### What you should do
In the copy you make, include no pictures, and transcribe every record exactly.

### Data shown
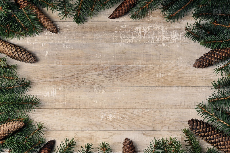Рождественский фон с елками и шишками
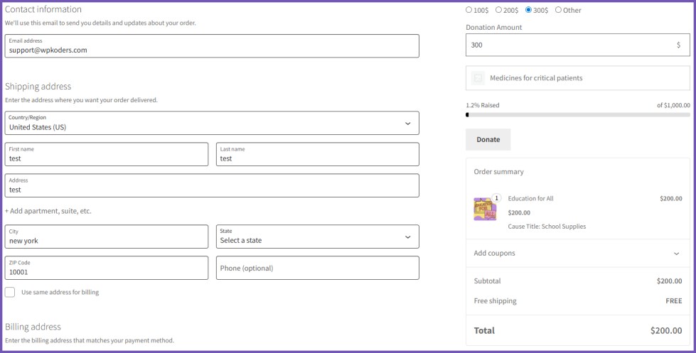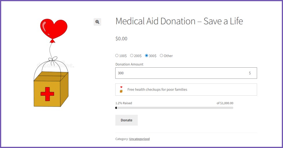 - Label: Name of the donation option (e.g., “Support a Cause”).
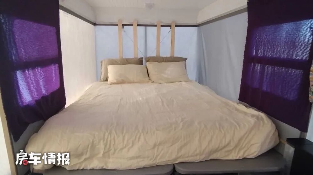 升起顶部之后,最前方就出现了一个类似额头区域的地方,这也是整辆车唯一的休息区,带有一张可以折叠的沙发床,展开之后就变成一张能够容纳两个人使用的双人大床,不过由于整个车厢上半部都采用的是软性材质,所以车内的保温程度的确令人堪忧。
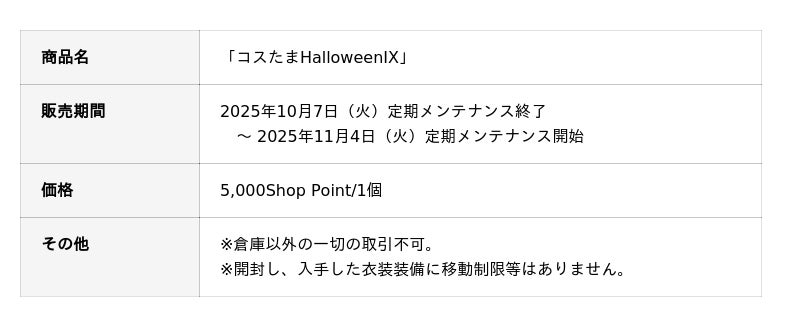 「コスたまHalloweenIX」販売開始
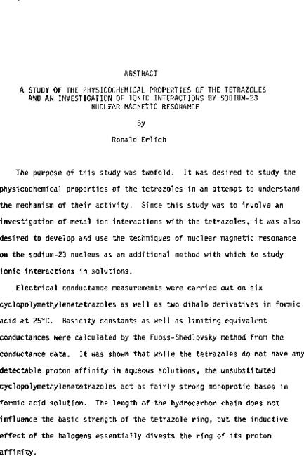 A study of the physicochemical properties of the tetrazoles and an investigation of ionic interactions by sodium-23 nuclear magnetic resonance

### Task solution
Рождественский фон с елками и шишками
 - Label: Name of the donation option (e.g., “Support a Cause”).
 升起顶部之后,最前方就出现了一个类似额头区域的地方,这也是整辆车唯一的休息区,带有一张可以折叠的沙发床,展开之后就变成一张能够容纳两个人使用的双人大床,不过由于整个车厢上半部都采用的是软性材质,所以车内的保温程度的确令人堪忧。
 「コスたまHalloweenIX」販売開始
 A study of the physicochemical properties of the tetrazoles and an investigation of ionic interactions by sodium-23 nuclear magnetic resonance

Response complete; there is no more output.